そう小さく呟き、驚くレジアス。その声は若干震えが混じっていた。

「何故か………そうだな、部隊の皆の仇を討つ為に地獄の底から蘇って来たと言えばお前は満足するのか?」

ゼストは小さく笑いながら呟く。
しかしレジアスは相変わらず驚き戸惑っていた。

「………俺を殺しに来たか………ふん、かつての友に裁かれる最後なら悪くは無いかもしれん………」

何とか自身を落ち着かせ、俯きながらそう呟いたレジアス。
そんなレジアスに静かに近づくゼスト。
レジアスの胸ぐらを掴み、持ち上げて……

「ぐはっ!?」

そのまま殴り付けた。

「あなた何を!?」

オーリスが割って入ろうする前にゼストはレジアスに叫んだ。

「何をしているレジアス・ゲイズ!!お前は俺を裏切ってまでも地上部隊の事を考え、懸命に動いていたのだろうが!!今折れることは許さん!!礎になった者、俺の部下達にも示しがつかん!!」
「………だがワシは………」
「中将………」

そう項垂れるレジアス。そんな姿をオーリスは見た事も無かった。
しかしそんなレジアスを見てもゼストは態度を変えなかった。

「話も事情もスカリエッティから話を聞いている。失敗なんて昔からずっとして来た。俺もお前も全て思う様に進んだことは一度も無い、それでも俺達は前へと進んできた」
「………」
「それがここまで来て、折れるのか!?確かにお前は手段を選ばずに違法な事にも手を染める事も躊躇せずにむしゃらに進んできた。それによって俺達の様に犠牲になった者もいただろう。だがそれを全て踏み締めここまできたのだろう?それなのに何だこの体たらくは!!ふざけるな!!どんな事があっても諦める事は俺が許さん!!」

デバイスを展開し、首元に突きつけるゼスト。

「中将!!」

そんなゼストを止めようと、デバイスを展開しようとしたオーリスだったが、レジアスが制止させた。

「中将?」
「やり遂げろ。もはや今のお前を正しい道に戻すなどとも思わん」
「そう………だな………ワシは色んな事を手段を選ばずにやって来た………それが友を裏切ることになってもだ………」

理不尽な目にも、悔しい思いも、道を踏み外し、手を汚す事に嫌悪感を抱きながらもそれでも進んできた。

「そうだ、ここで引き下がるわけにはいかん………!!」

槍の穂先を手で掴み、自分の首元から離す。手から血が流れるが気にせず、ゼストを見て答えた。

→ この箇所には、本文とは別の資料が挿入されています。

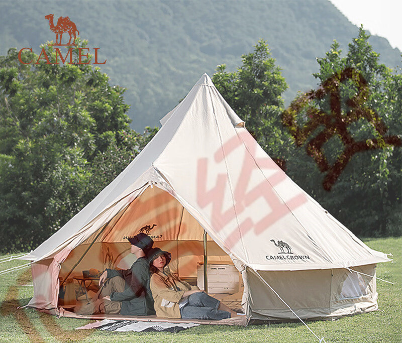 駱駝(CAMEL)【隱】帳篷戶外露營帳野餐便攜式折疊金字塔蒙古包棉布印第安帳篷 G101,淺卡其【隱-金字塔 II】 自營
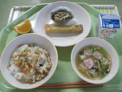 今日は、ひじきとベーコンのピラフ 3年2組Hさんのポテサラ春巻き フレンチサラダ アルファベットスープ グレープフルーツ 牛乳でした。
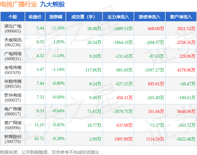 个股表现方面,电视广播行业当日领跌股为湖北广电(000665),该股当日报收5.44,下跌2.16%,成交量28.98万,主力资金净流出3489.53万元。天威视讯(002238)以下跌1.85%紧随其后,该股当日成交量20.54万,主力资金净流出1864.19万元。除此之外,广电网络(600831)、吉视传媒(601929)、华数传媒(000156)均进入当日熊股之列。具体个股列表见下表:
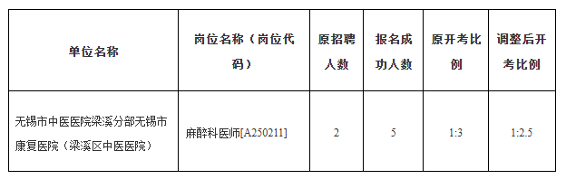 3、根据《2025年无锡市梁溪区卫生健康委下属医疗卫生事业单位公开招聘工作人员公告(普通类)》,下列岗位因报名成功人数未达到开考比例,经市公开招聘综合管理部门核准,予以调整开考比例:

「今更逃げることは許さん。お前は人生をとしてお前の理想を達成させろ。それがお前の出来る唯一の償いだ」
「ああ!!」

レジアスの答えを聞き、満足したゼストは部屋を後にしようとした。

「待て!!」

そんな制止の言葉を聞き、足を止めた。

「………全てが終わったら飲み行こう。お前に話さなくてはいけない事、詫びなければいけない事、言い出したらキリがないが、それでもワシはお前に全てを話さなければならない」
「………分かった、楽しみにしている」

そう言い残して今度こそ部屋を後にした………









「………いいんですか?」

部屋の外、壁に寄り添い、ゼストを待っていたメガーヌが居た。

「今は昔話をのんびりしている暇は無い。奴のやる気を戻せただけでも良しとしよう」
「手伝わないんですね」
「ああ。レジアスの手伝いよりも俺達にはやらなくてはいけない事がある。子供達だけにそれをさせるわけにはいかない」
「ええ、そうですね………」
「メガーヌ、君は………」
「行きますよ。ルーも戦っているんです。私だけ見ている訳にはいかないわ」
「だけど君のお腹には………」
「だからこそです。この子の未来の為にも私は戦います」

お腹に手を添えながらそう断言したメガーヌは何を言っても考えを変えないという顔で言った。
最初こそ、反論しようとしたゼストだが、言葉が出ず、頭をかいてため息を吐いた。

「はぁ………分かった。だが無理だけは絶対にするな」
「それはあなたもですよゼスト?」

そんなメガーヌの言葉に苦笑いしながら「ああ」と一言答えるゼストであった………
























「状況は………?」
「今も本局ではゆりかごの対応に揺れているみたいです。機動七課はレジアス中将の元、先ずは混乱した地上部隊の統率を優先に動き出しました」
「流石やなあのおっちゃんは。流石に折れて静かになるんかと思っていたんやけど………」

とシグナムの報告を聞きながら笑みを溢すはやて。

(………主と中将は水と油の様な間柄だが、互いに認め合っている部分もある。良いライバルと言うことだな)

と思いながらシグナムも小さく笑みを溢した。

「皆の状況はどうや………?」
「高町なのは、バルト・ベルバインの2名以外は今日六課に合流する予定です。負傷者は出ましたが全員業務に支障が出るほどでは無いです」
「そか………ヴィヴィオちゃんの行方は?」
「依然掴めていません………」

グリフィスの報告を聞いてはやては椅子にもたれ掛かり小さくため息を吐いた。

(最悪の流れや………恐らくクレインは初めからヴィヴィオちゃんを狙っておったんやな………やっぱりヴィヴィオちゃんは………)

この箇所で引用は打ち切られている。